__Exercise aim__. Restate word for word the lines in the listing below, starting at the line containing "Luksusowe ogłowie wykonane" and ending at the line containing "Y compris diverses", both included; leave out the rest.

__Data for review__.
○ ○ ○ ○

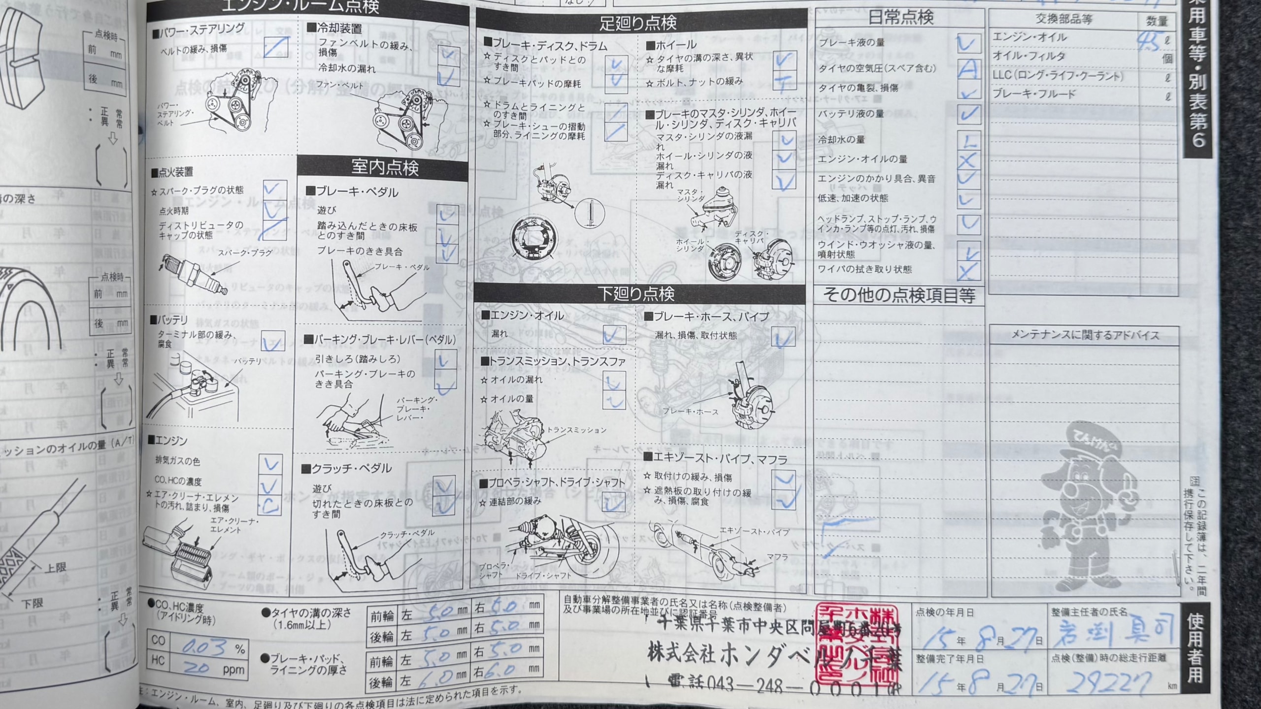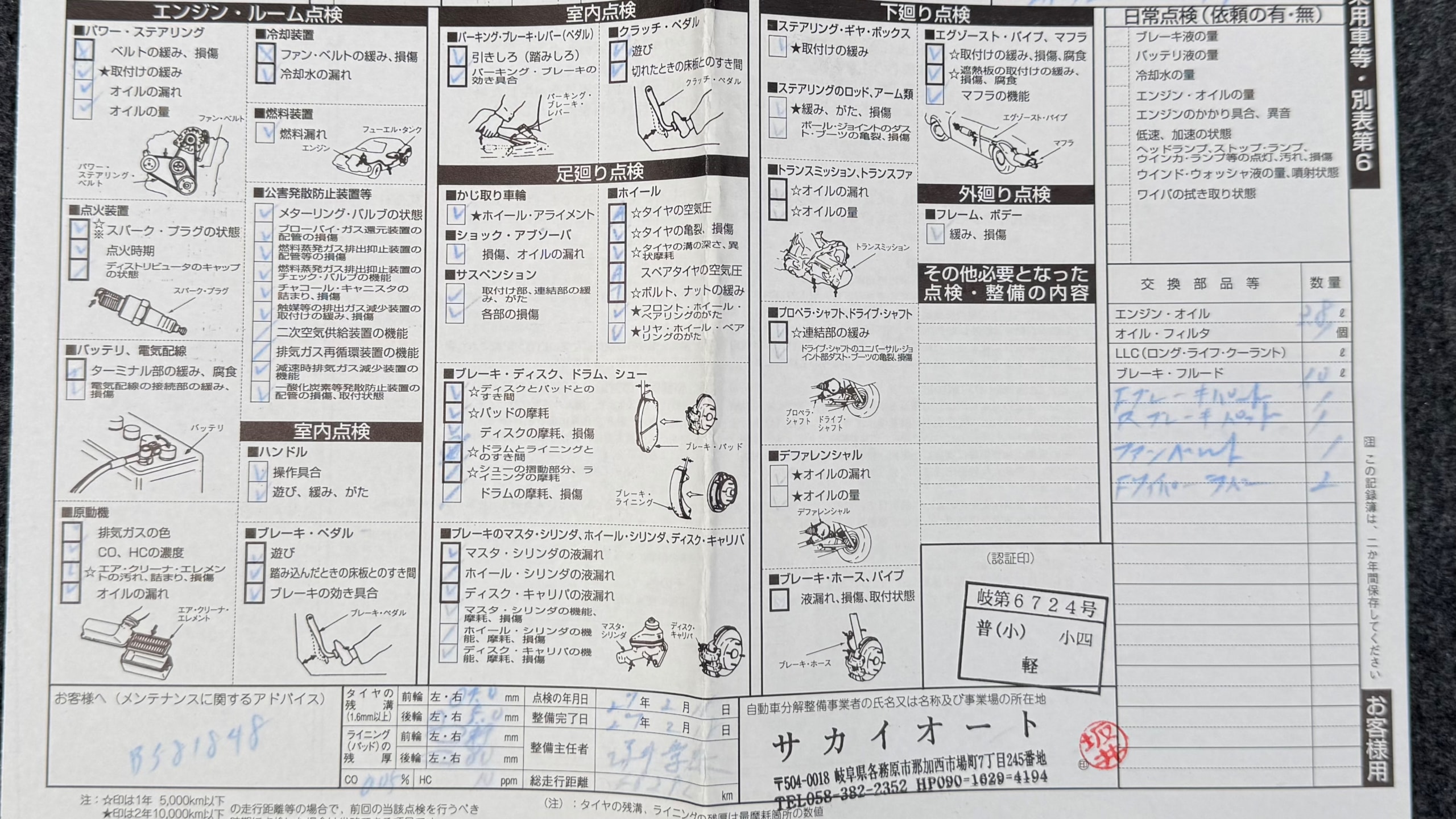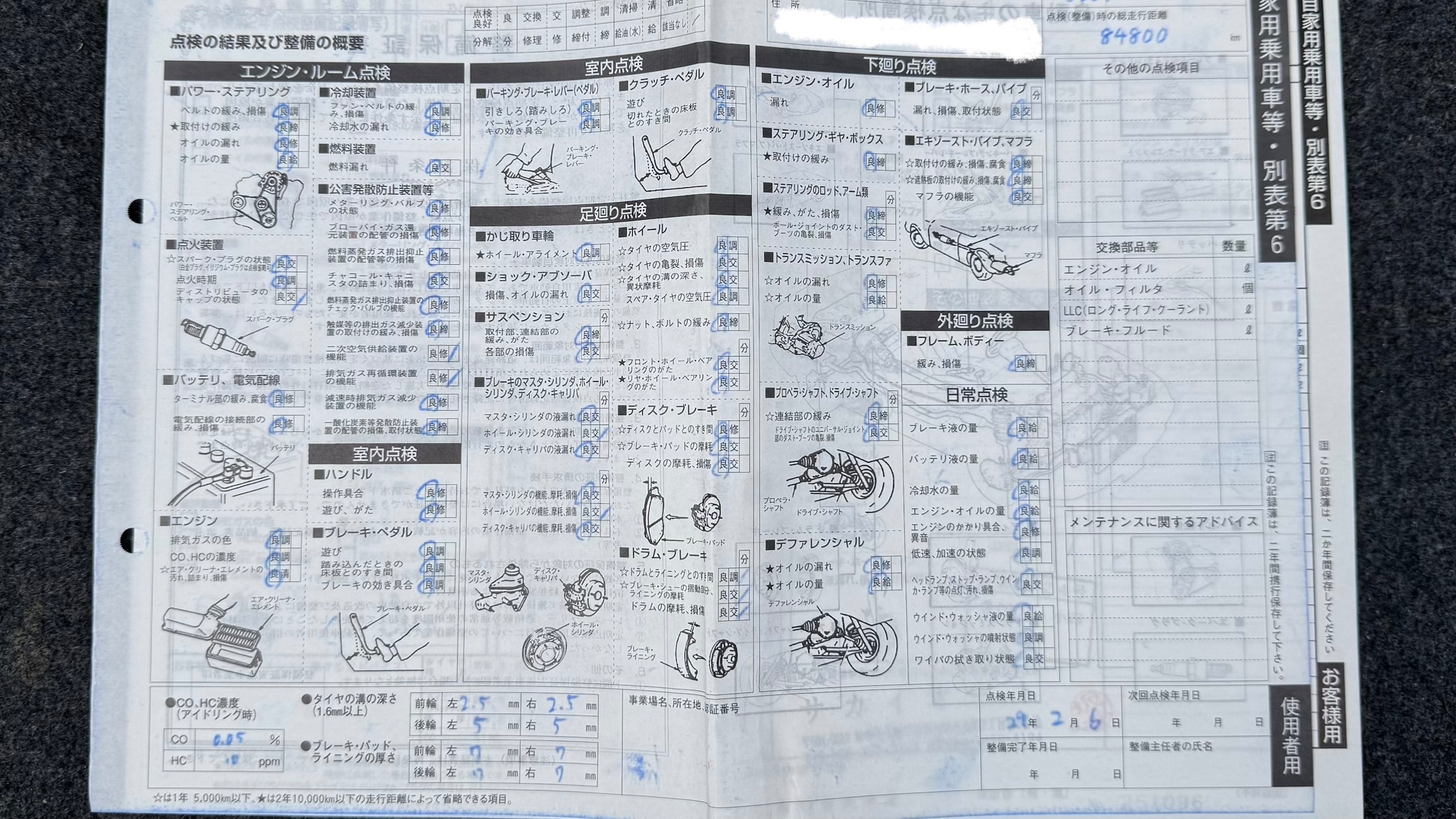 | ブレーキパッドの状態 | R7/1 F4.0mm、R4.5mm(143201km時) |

○ ○ ○ ○

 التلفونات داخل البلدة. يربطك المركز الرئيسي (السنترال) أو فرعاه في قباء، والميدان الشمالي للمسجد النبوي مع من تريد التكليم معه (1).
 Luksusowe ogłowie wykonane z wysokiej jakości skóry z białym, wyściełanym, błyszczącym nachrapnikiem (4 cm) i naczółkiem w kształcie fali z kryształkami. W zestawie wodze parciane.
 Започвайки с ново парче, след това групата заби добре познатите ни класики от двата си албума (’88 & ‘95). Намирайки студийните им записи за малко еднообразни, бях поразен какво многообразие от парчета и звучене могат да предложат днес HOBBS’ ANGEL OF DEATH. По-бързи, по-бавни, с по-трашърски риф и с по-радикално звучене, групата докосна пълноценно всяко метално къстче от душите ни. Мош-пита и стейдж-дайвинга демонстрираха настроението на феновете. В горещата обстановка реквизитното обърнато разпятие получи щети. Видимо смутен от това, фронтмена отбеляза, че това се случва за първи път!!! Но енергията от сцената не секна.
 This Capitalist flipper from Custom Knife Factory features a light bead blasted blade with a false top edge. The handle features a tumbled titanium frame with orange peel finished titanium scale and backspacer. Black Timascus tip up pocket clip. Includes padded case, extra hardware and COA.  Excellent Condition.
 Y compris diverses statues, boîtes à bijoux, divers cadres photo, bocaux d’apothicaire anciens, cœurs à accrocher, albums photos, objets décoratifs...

○ ○ ○ ○

__Written solution__.
 Luksusowe ogłowie wykonane z wysokiej jakości skóry z białym, wyściełanym, błyszczącym nachrapnikiem (4 cm) i naczółkiem w kształcie fali z kryształkami. W zestawie wodze parciane.
 Започвайки с ново парче, след това групата заби добре познатите ни класики от двата си албума (’88 & ‘95). Намирайки студийните им записи за малко еднообразни, бях поразен какво многообразие от парчета и звучене могат да предложат днес HOBBS’ ANGEL OF DEATH. По-бързи, по-бавни, с по-трашърски риф и с по-радикално звучене, групата докосна пълноценно всяко метално къстче от душите ни. Мош-пита и стейдж-дайвинга демонстрираха настроението на феновете. В горещата обстановка реквизитното обърнато разпятие получи щети. Видимо смутен от това, фронтмена отбеляза, че това се случва за първи път!!! Но енергията от сцената не секна.
 This Capitalist flipper from Custom Knife Factory features a light bead blasted blade with a false top edge. The handle features a tumbled titanium frame with orange peel finished titanium scale and backspacer. Black Timascus tip up pocket clip. Includes padded case, extra hardware and COA.  Excellent Condition.
 Y compris diverses statues, boîtes à bijoux, divers cadres photo, bocaux d’apothicaire anciens, cœurs à accrocher, albums photos, objets décoratifs...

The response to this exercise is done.